We have talked about doing some forms of batching, but all of it is currently pretty explicit.

view this post on Zulip Brendan Hansknecht (Oct 21 2022 at 21:18):

A really nice solution to this will likely require a mix of platform and roc compiler working together. That way the platform can be a runtime/execution engine with clean split points and plans around parallelization that the compiler somehow gives to it.

view this post on Zulip Qqwy / Marten (Oct 22 2022 at 19:36):

I think it should be possible to create a library (or maybe a platform or 'plugin' for another platform) similar to the Accelerate library that exists in Haskell. It is quite a nice abstraction, where code snippets build up a recipe that can be compiled-and-executed to CUDA, OpenCL and co.

view this post on Zulip Asier Elorz (he/him) (Jan 06 2023 at 21:50):

Hi,

I have very recently read a paper about a new reference counting algorithm that was developed in 2018 that attempts to tackle the problem of atomic reference counting operations being comparatively slow while still keeping the possibility of sharing objects between threads: biased reference counting. Although the paper is from 2018, I have not seen anybody mention it in this conversation, and some of the conversation around selection between atomic and non-atomic instructions at runtime that was had last March and April seems to me now as trying to reinvent this paper with no luck. I don't know if the topic is still of interest, since it has been almost a year since the conversation I am mentioning, but the paper may be worth reading.

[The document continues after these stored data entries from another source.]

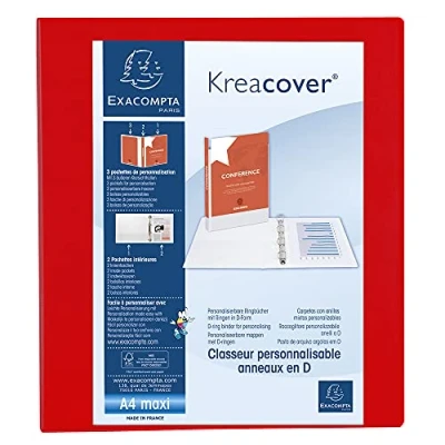 Rigid exterior in welded PP - Thickness 23/10th - 1 transparent A4 maxi pocket to personalize the front, back and back of the binder. As a bonus, the binder has 2 inside pockets to store loose sheets FILING CAPACITY: up to 450 sheets of 80g paper MECHANICAL: 4 D-rings diameter 50 mm - Back 75 mm for perfect alignment of sheets and inserts FORMAT: 320 x 295 mm - Format to file: A4 maxi, it adapts to all documents Easy to personalize with KREAMAN on the Exacompta website - Made in France - FSC certification Colours: red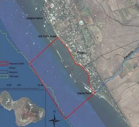 Polanui Hiu is located in Lahaina, Maui. The project area extends from the high water mark to 70 feet in depth and from Mākila Point to the pūnāwai (water spring) fronting 505 Front Street. The area encompasses 222 acres of sandy and rocky beach and fringing and patch coral reefs. This area is small enough to be manageable by the community group and large enough to show biological gains under the appropriate strategies.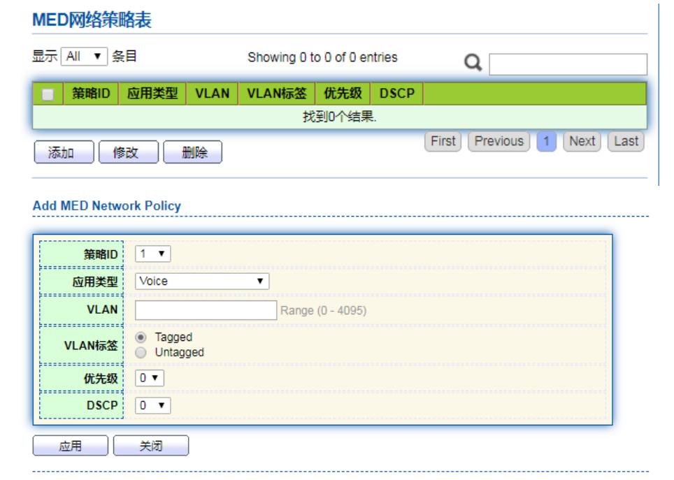 【产品教程】2026.04.15 盒式交换机(千兆) 拓扑发现-MED 网络策略配置 MED 是基于 IEEE802.1ab 的邻居发现协议,LLDP 是 IEEE 的邻居发现协议,可以被其他组织扩展。从网络设备(如交换机和无线接入点)识别的信息可以帮助进行故障分析,并允许管理系统准确地了解网络拓扑结构。 操作步骤: 1、单击导航树中的“拓扑发现 > LLDP > MED 网络策略配置”菜单进入界面,如下图所示: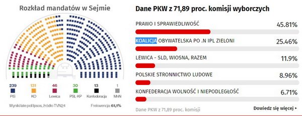 У такій ситуації кінцевий результат партії влади не повинен дивувати. Згідно з даними екзитполів, PiS підтримали 43,6% виборців, що дозволяє отримати у Сеймі 239 мандатів із 460.

The paper: https://dl.acm.org/doi/pdf/10.1145/3243176.3243195

The authors implement the algorithm as the reference counting strategy of the Swift language's runtime, and the numbers they present are quite impressive, even if it is not the panacea since just using non-atomic operations is still faster. Their initial numbers, when measuring Swift benchmark programs with the default reference counting (always atomic), seem to confirm Brendan's numbers where some programs were taking almost half of their time in atomic reference counting operations, which also makes me think that maybe Roc's problem situation with respect to reference counting could be similar to Swift's and their solution could be applicable to Roc.

view this post on Zulip Brendan Hansknecht (Jan 07 2023 at 00:05):

Definitely still a topic of interest. The language is still young and this is a space that will probably want a lot of exploration as we get further along.

Anything now of course is super experimental, but ideas and testing is needed to enable these features in the future. For some platforms/applications, I'm sure this will be critical for performance.